Iranian-American Ali Nili umpires for Wimbledon final
Ali Nili, a 37-year-old Iranian-born American, will be the chair umpire for today's men's final at Wimbledon.
Nili is one of the ATP’s only ten full-time umpires, and one of the 25 umpires in the world who have earned a gold badge. Umpiring wasn’t what he set out to do. "I wanted to play. I wasn’t good enough." He sounds comfortable with that. He has worked at all four major tournaments, but the match between Roger Federer and Novak Djokovic on Centre Court today will be his first Grand Slam final.
In a long match, umpires have to stay in place throughout, climbing down only when the match ends or, on clay, if someone wants a mark inspected. It’s not surprising, therefore, when Nili says (on Tennis Panorama News) that ,"My only pre-match routine is go to the bathroom!" When he’s working at Wimbledon or one of the other Grand Slams, where the men play five-set matches, he doesn’t drink anything until the end of his last five-set match.
Nili earned his first international certificate in 1998. Like players, umpires start out in the weeds of the game – small, local events or junior matches. As they learn, gain experience, and improve, they move up the ranks through a series of certificates: white, bronze, silver, and, finally, gold. A tournament like Queen’s, with a singles main draw of 56 and a doubles draw of 16, uses six umpires, four from the ATP’s group, the rest contractors.
Nili jokes about preferring women’s matches at the major because they’re only best-of-three sets, but you have to suspect that every umpire would have liked to have been in the chair for the historic 2010 Wimbledon first-round match between John Isner and Nicolas Mahut, which went to 70-68 in the fifth and took more than 11 hours over three days to complete! "The better the match is, the easier it is to keep your level of concentration. You do a tough five-set match which lasts four hours and when you sit up there it feels like a half an hour," Nili shares.
Mistakes still do happen, of course. Umpires are taught not to dwell on them. "We just really always think forward. We always just think about the next call. The more you think about what happened the more chance there is that you’ll miss something else because you’re losing concentration.
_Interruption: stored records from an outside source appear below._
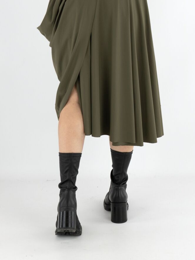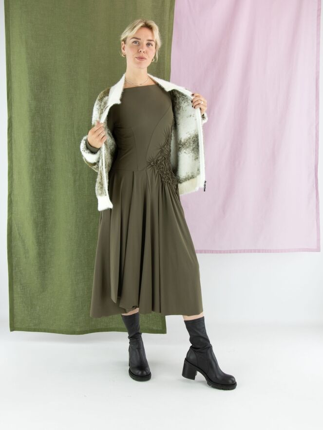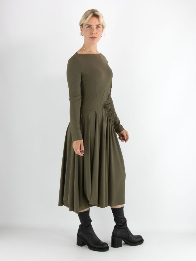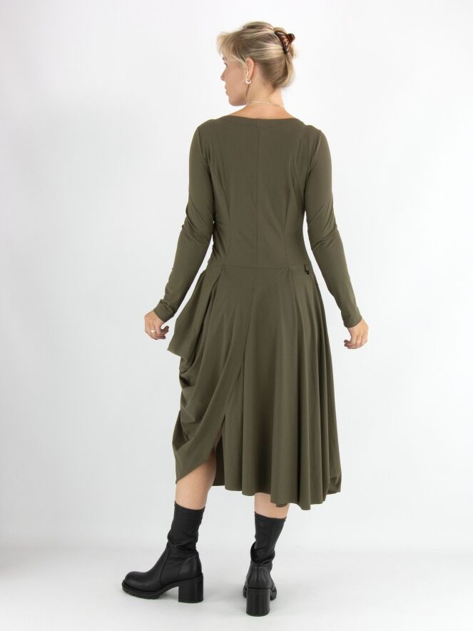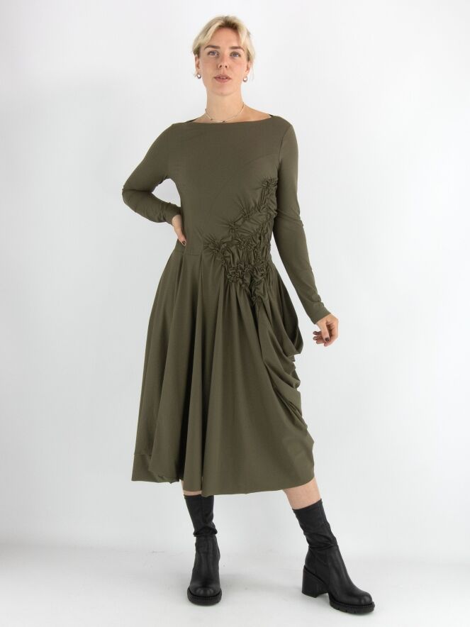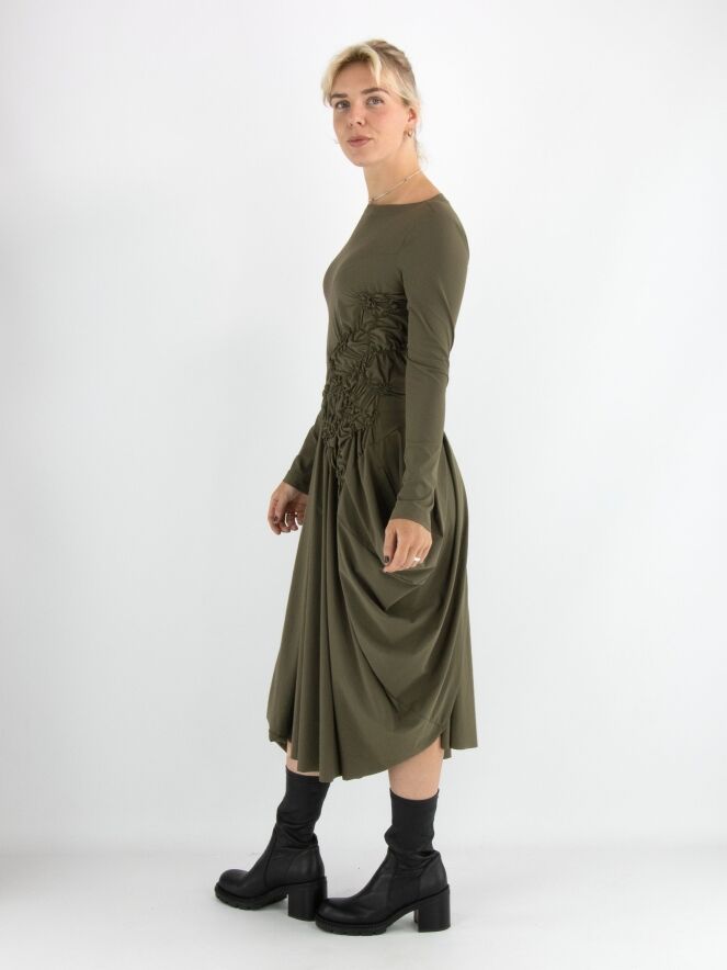 Robe de la marque High en vert olive. Elle présente un col rond et des manches longues. Le tissu est smocké du dessous de l’emmanchure gauche jusqu’à la taille. Sous cette partie smockée, une poche est intégrée au niveau de la taille. À l’arrière, quelques plis partant de la taille apportent du volume. La robe s’évase à partir de la taille. Cette robe doit être lavée à la main.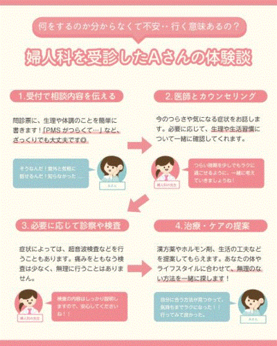 ※婦人科では、必要に応じて他の病気の有無の確認、低用量ピルやホルモン剤、漢方薬などの処方も受けられます。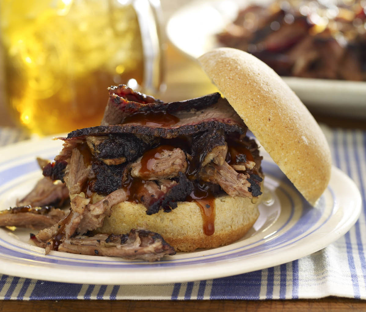 We like to serve our BBQ Prime Beef Brisket with a side of fresh, crunchy slaw. We mound the brisket up on a bun then splash it with this mopping—the same sauce it’s bathed in while smoking—to add the finishing touch.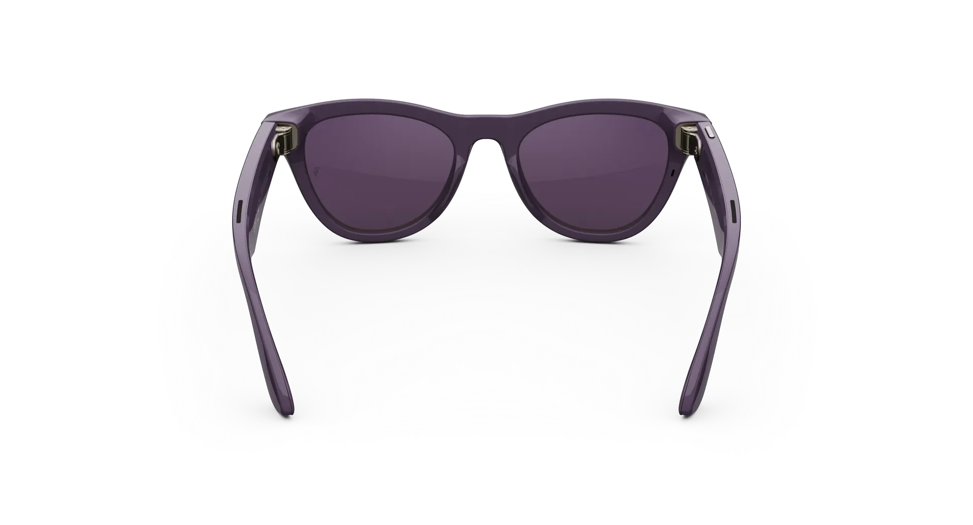 The Ray‑Ban Meta Skyler merges a fashion-forward color palette with Meta’s smart eyewear functionality. The frames feature a striking Violet glossy finish that catches the eye, while the Amethyst-transitional lenses shift in tint based on ambient light to offer comfortable vision and UV protection—though they are not polarized. Built with a 52 mm lens width, 20 mm bridge, and 150 mm temples, the design fits typical adult facial dimensions within the Skyler line. Constructed from injected plastic with embedded electronics, the glasses weigh about 2.0 oz, offering a balance between technology and wearability. As with most Ray-Ban Meta glasses, they are not ANSI Z87.1 certified, so they should not be used as certified protective eyewear in industrial settings.
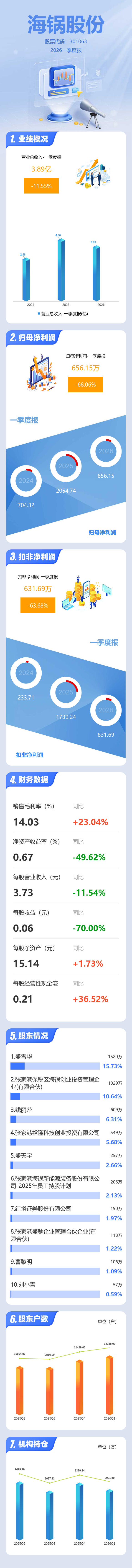证券之星消息,海锅股份2026年一季报显示,一季度公司主营收入3.89亿元,同比下降11.55%;归母净利润656.15万元,同比下降68.07%;扣非净利润631.69万元,同比下降63.68%;负债率39.37%,投资收益-112.28万元,财务费用1139.92万元,毛利率14.03%。
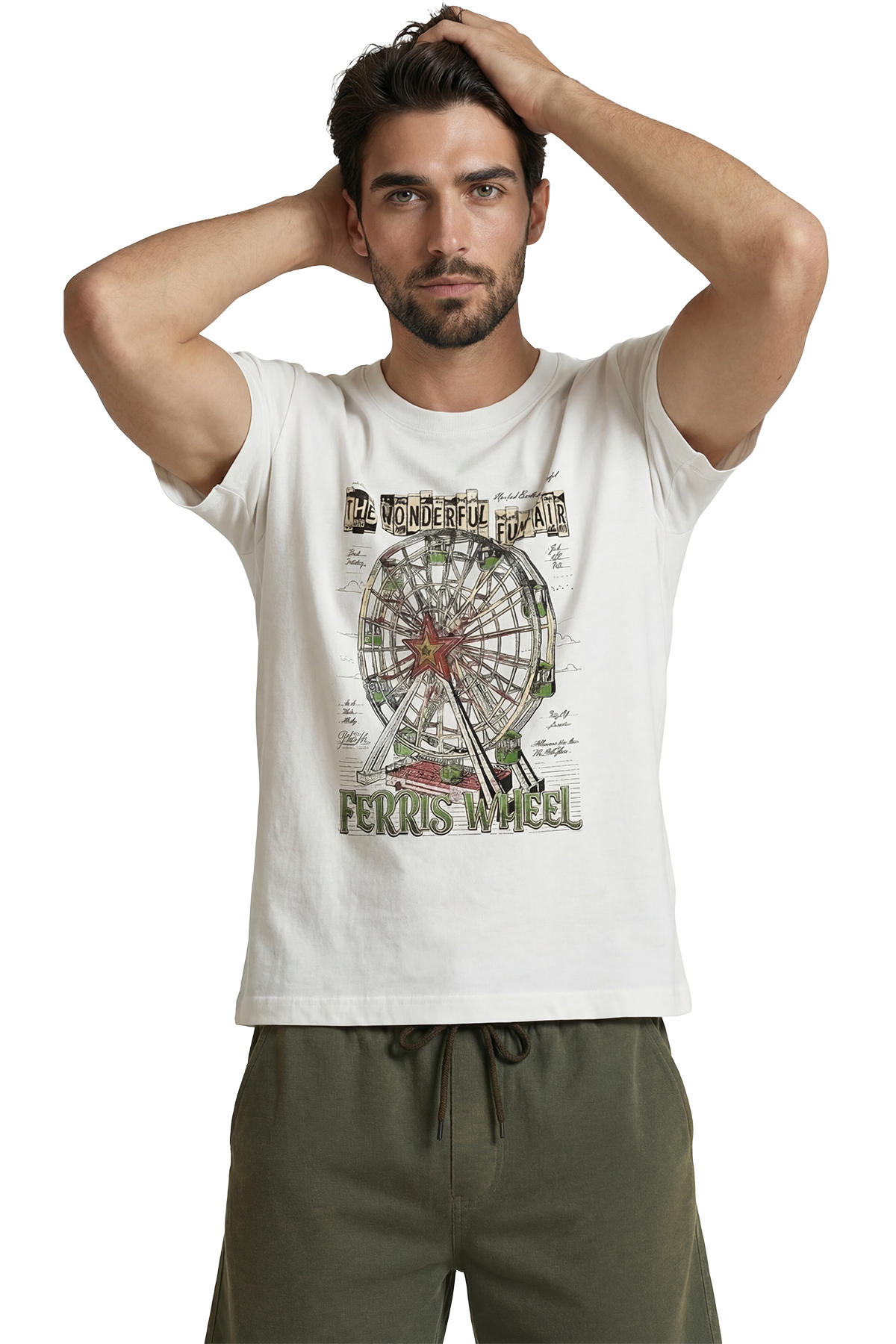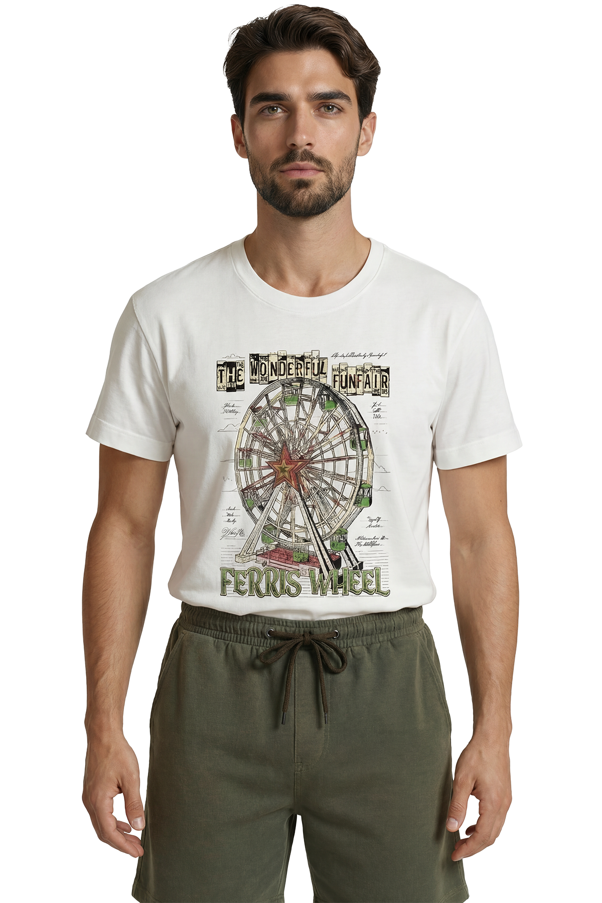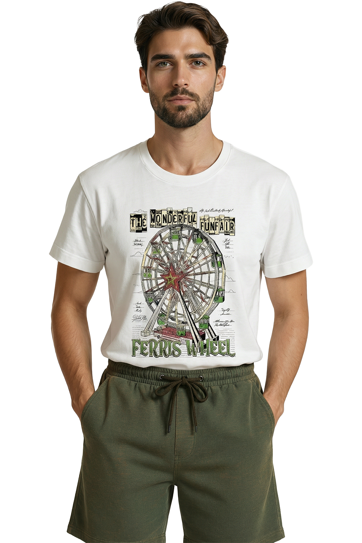 Işıklar, kahkahalar ve gökyüzüne uzanan o devasa çark... Çocukluğumuzun büyülü dünyası lunaparkların neşesini, vintage bir estetikle stilinize taşıyın. "The Wonderful Funfair" yazısı ve detaylı "Ferris Wheel" (Dönme Dolap) illüstrasyonuyla tasarlanan bu tişört; eski karnaval posterlerinin nostaljik havasını yansıtıyor. Hem retro giyim tarzını benimseyenler hem de hayatın eğlenceli tarafına odaklananlar için, geçmişten gelen şık bir selam.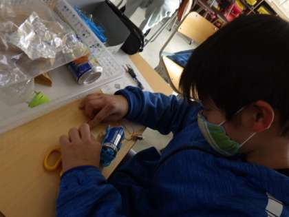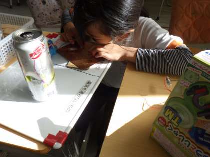 アルミ缶の表面塗料がついたものと、ついていないものについて、電気を通すかどうかも実験しました。表面塗料がついたものでは電気を通さなかったことから、「鉄、銅、アルミなどの金属でてきているものは電気を通す」ということを、児童は理解しました。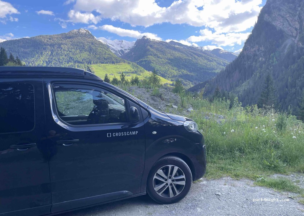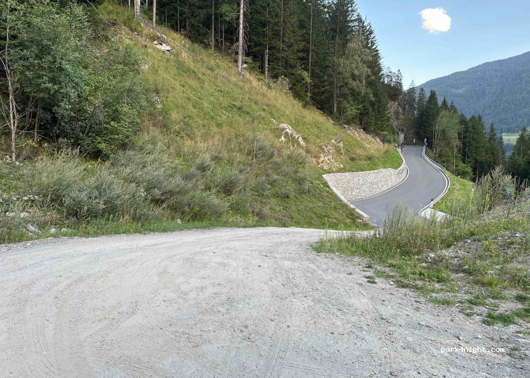 Petite plate-forme plate derrière un talus dans un virage en épingle. Au bord de la route, mais comme celle ci est fermée entre 20h et 7h, c'est très tranquille. Belle vue sur les montagnes. La route qui mène à l'Autriche grimpe vraiment à 2500 m avec des vues incroyables mais des virages à faire en 1ere parfois. Il ne faut pas avoir de vertige! 20 euros de péage pour passer la frontière.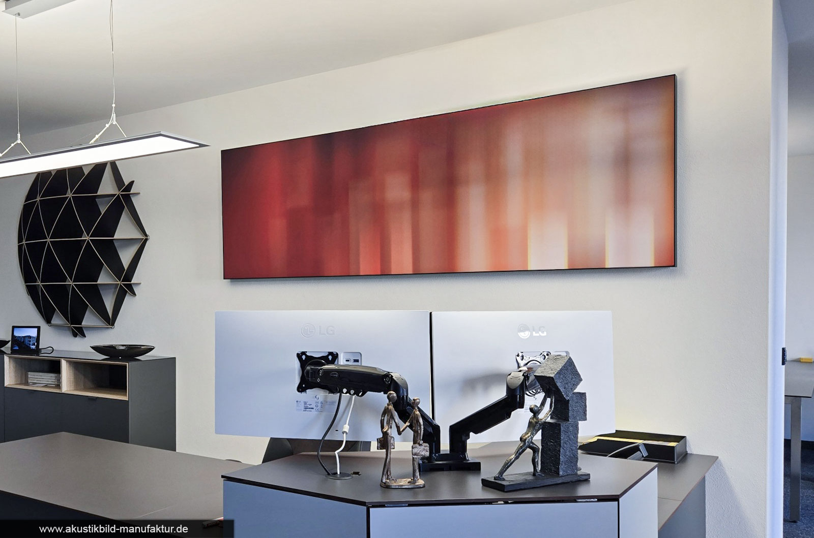 Blättern Sie durch die Beispiele, lassen Sie sich inspirieren – und stellen Sie sich vor, wie Ihr eigener Raum mit einem Akustikbild aussehen könnte. Gern unterstützen wir Sie mit Inspiration in einem kurzen Austausch oder einer handfesten Look-Visualisierung.

Usually, at least in men’s tennis, if you call the score wrong for two points in succession one of the players is going to tell you." Modern technology helps: umpires have tablets that connect directly to the scoreboard so when he punches in the score everyone sees it and it feeds through to TV. A wrong score popping up in those circumstances generally gets a reaction in the stadium.
The hardest thing to learn, Nili says, is "to see the ball well." Most, though not all, of the top rank of umpires play tennis themselves. "And then communication and not taking things personally."
Asked to name the stand-out matches he’s umpired, Nili picks first the 2008 match between Rafael Nadal and Carlos Moya, which stretched to three tiebreaker sets and took two hours, 35 minutes to finish. “The longest three-set match ever played on hard court,” Nili says, and also, "Every point was really amazing. That’s probably the best tennis I would say, I’ve umpired."